## COLLECTED MATERIAL
"""

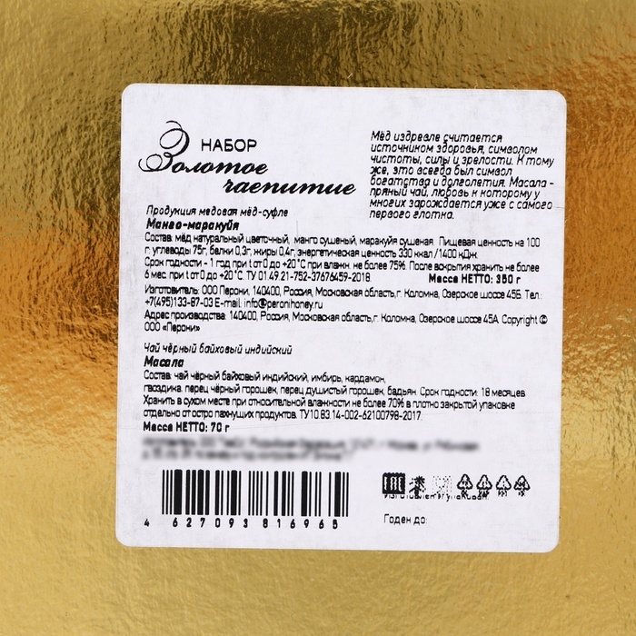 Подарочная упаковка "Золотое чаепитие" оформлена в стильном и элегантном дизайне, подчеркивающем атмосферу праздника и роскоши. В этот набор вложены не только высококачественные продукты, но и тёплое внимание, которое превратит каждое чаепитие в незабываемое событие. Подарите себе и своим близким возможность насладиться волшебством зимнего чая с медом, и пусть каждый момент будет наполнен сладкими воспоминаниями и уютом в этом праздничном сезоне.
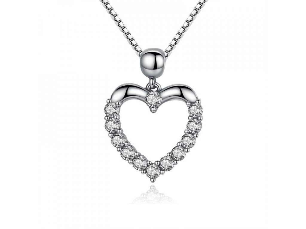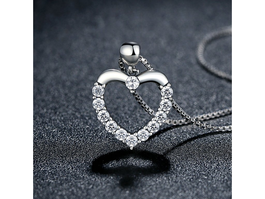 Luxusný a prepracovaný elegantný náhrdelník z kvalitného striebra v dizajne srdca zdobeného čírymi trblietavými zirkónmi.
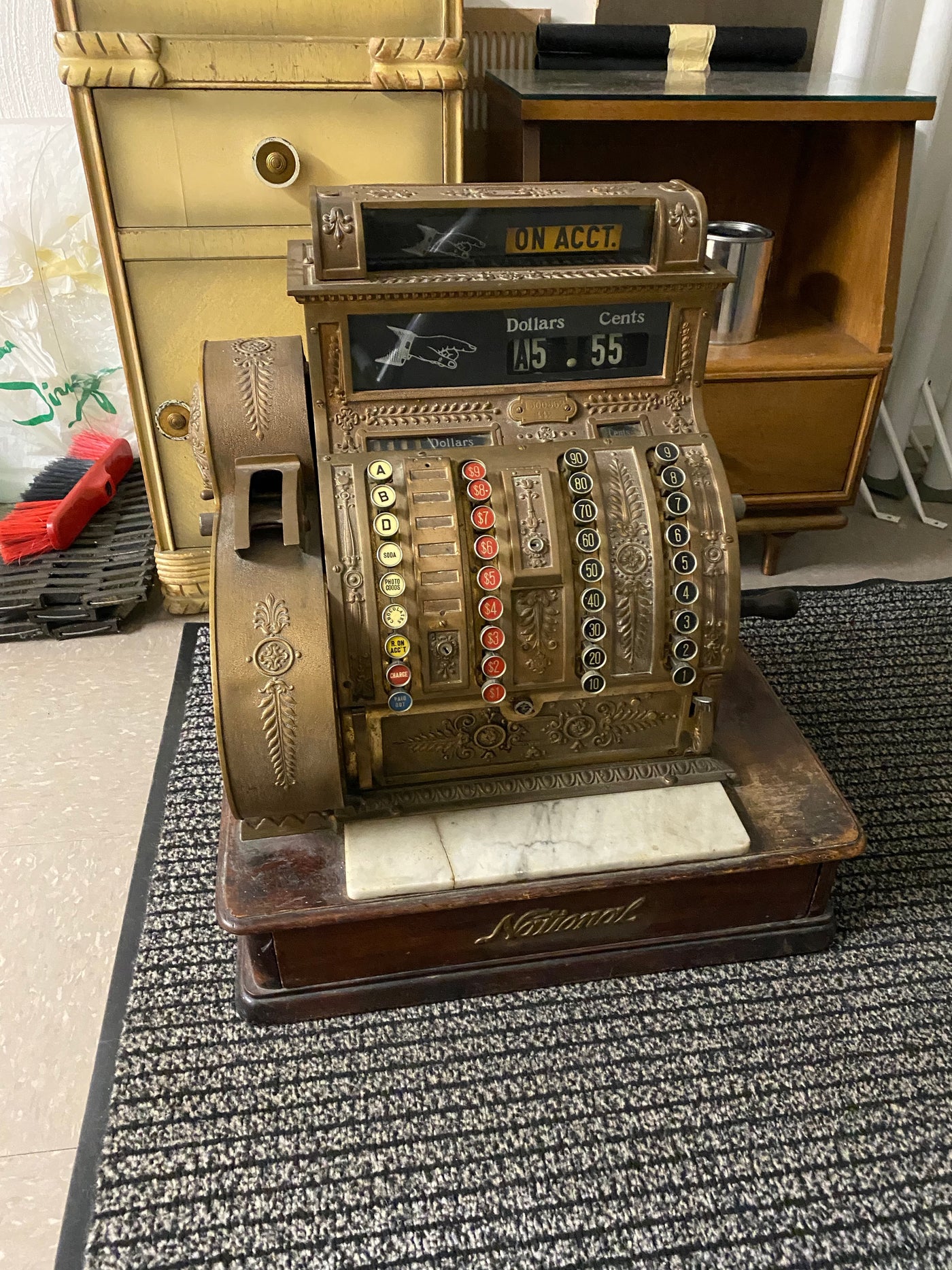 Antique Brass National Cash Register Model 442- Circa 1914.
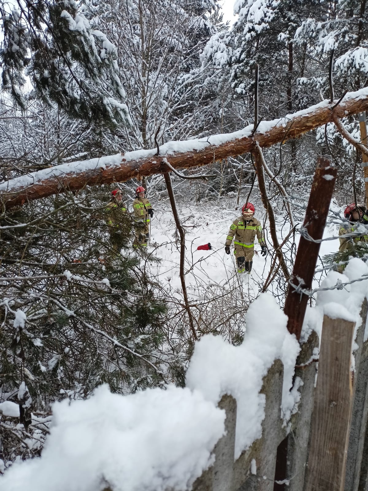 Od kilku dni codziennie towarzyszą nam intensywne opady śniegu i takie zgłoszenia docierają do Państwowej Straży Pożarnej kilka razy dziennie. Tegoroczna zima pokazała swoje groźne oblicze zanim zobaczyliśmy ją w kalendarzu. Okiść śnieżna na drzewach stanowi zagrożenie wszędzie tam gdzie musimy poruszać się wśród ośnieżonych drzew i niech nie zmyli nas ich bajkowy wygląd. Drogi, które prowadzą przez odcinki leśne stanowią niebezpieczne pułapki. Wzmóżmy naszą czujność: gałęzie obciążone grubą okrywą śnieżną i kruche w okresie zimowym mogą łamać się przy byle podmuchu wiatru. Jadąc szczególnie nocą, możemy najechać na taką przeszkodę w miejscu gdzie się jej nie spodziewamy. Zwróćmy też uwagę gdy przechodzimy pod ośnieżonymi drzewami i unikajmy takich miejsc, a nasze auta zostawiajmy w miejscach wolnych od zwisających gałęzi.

"""

## WHAT YOU ARE ASKED TO DO
Repeat the material above in full and exactly, omitting the pictures.

## SOLUTION FOR THIS TASK
 Подарочная упаковка "Золотое чаепитие" оформлена в стильном и элегантном дизайне, подчеркивающем атмосферу праздника и роскоши. В этот набор вложены не только высококачественные продукты, но и тёплое внимание, которое превратит каждое чаепитие в незабываемое событие. Подарите себе и своим близким возможность насладиться волшебством зимнего чая с медом, и пусть каждый момент будет наполнен сладкими воспоминаниями и уютом в этом праздничном сезоне.
 Luxusný a prepracovaný elegantný náhrdelník z kvalitného striebra v dizajne srdca zdobeného čírymi trblietavými zirkónmi.
 Antique Brass National Cash Register Model 442- Circa 1914.
 Od kilku dni codziennie towarzyszą nam intensywne opady śniegu i takie zgłoszenia docierają do Państwowej Straży Pożarnej kilka razy dziennie. Tegoroczna zima pokazała swoje groźne oblicze zanim zobaczyliśmy ją w kalendarzu. Okiść śnieżna na drzewach stanowi zagrożenie wszędzie tam gdzie musimy poruszać się wśród ośnieżonych drzew i niech nie zmyli nas ich bajkowy wygląd. Drogi, które prowadzą przez odcinki leśne stanowią niebezpieczne pułapki. Wzmóżmy naszą czujność: gałęzie obciążone grubą okrywą śnieżną i kruche w okresie zimowym mogą łamać się przy byle podmuchu wiatru. Jadąc szczególnie nocą, możemy najechać na taką przeszkodę w miejscu gdzie się jej nie spodziewamy. Zwróćmy też uwagę gdy przechodzimy pod ośnieżonymi drzewami i unikajmy takich miejsc, a nasze auta zostawiajmy w miejscach wolnych od zwisających gałęzi.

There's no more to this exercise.